The ABS reported that, with all the factors considered, Victoria’s population growth was the biggest among all states, which was equivalent to 100,000 annually.

Population in other Australian states

The report revealed that the country’s population grew by 1.8% or 394,200, which made total population equal to 22,906,000 people by December year-end. Western Australia yielded the fastest growth of 3.5% (83,000 people every year), which was double that of the nation and a percent over that of the Australian Capital Territory, the state with the second fastest growth at 2.3%.

Amid this population growth, the demographic report spotted the trend that 93% of the country’s population growth is concentrated in four states, such as New South Wales, Victoria, Queensland, and Western Australia. On the contrary, Tasmania had a slowing growth due to interstate migration.

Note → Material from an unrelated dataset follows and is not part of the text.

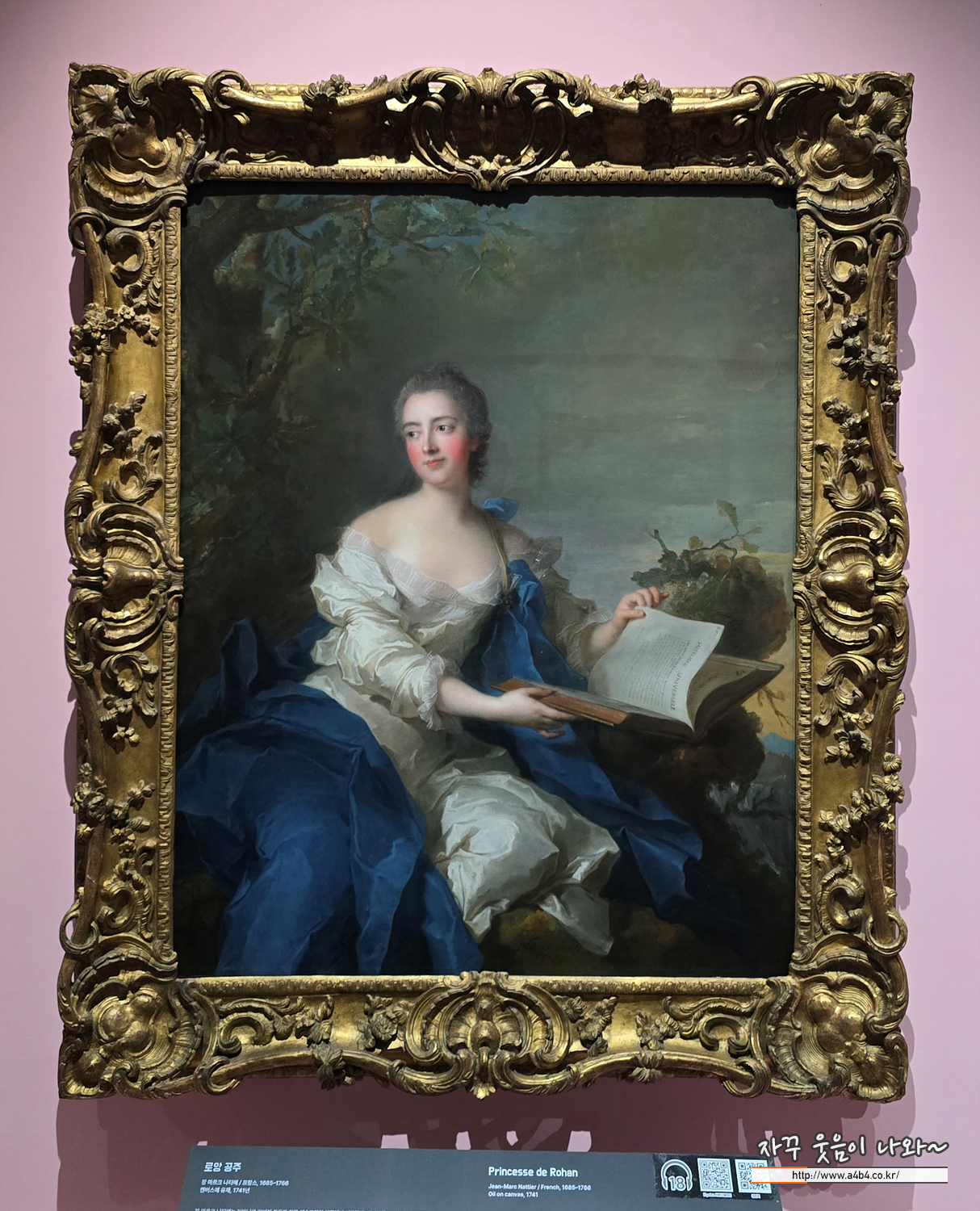 나티에의 로앙 공주는 로코코 귀족 문화의 미적 이상을 집약한 알레고리 초상화입니다. 높은 학식으로 살롱을 주재했던 로앙 공녀를 학문의 뮤즈로 형상화하기 위해 세계사 책을 든 모습으로 묘사했습니다. 단순한 의상과 자연스러운 배경은 인물의 우아함을 더욱 돋보이게 합니다.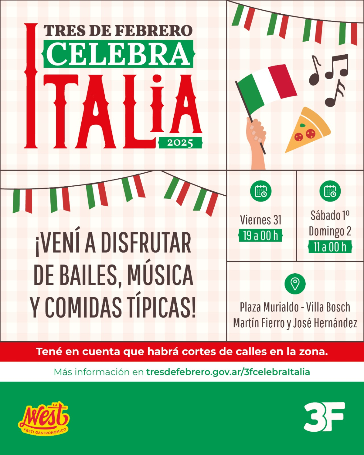 Los visitantes podrán deleitarse como cada año con gastronomía típica de las distintas colectividades italianas de Tres de Febrero y también habrá bailes y música en vivo. “Villa Bosch es el corazón de esta comunidad y es un orgullo celebrar su cultura y aporte con este evento tan importante”, expresó el Intendente Diego Valenzuela.

By the end of December 2012, the six other states had the following populations: 7.35 million in New South Wales; 4.61 million in Queensland; 2.47 million in Western Australia; 1.66 million in South Australia; 512,400 in Tasmania; 379,500 in Australian Capital Territory; and 236,900 in Northern Territory.

Implications of increasing population

According to Mr. O’Brien, population increase is likely to challenge the finances of states. For instance, the great increase in population in Victoria means that “we need to build the infrastructure, the public transport and the roads and the hospitals to ensure that we can cope with this additional population.”

Increase in population in some states also suggests about the quality of life in them, which in turn will attract migrants to consider living or working in regional areas in Australia.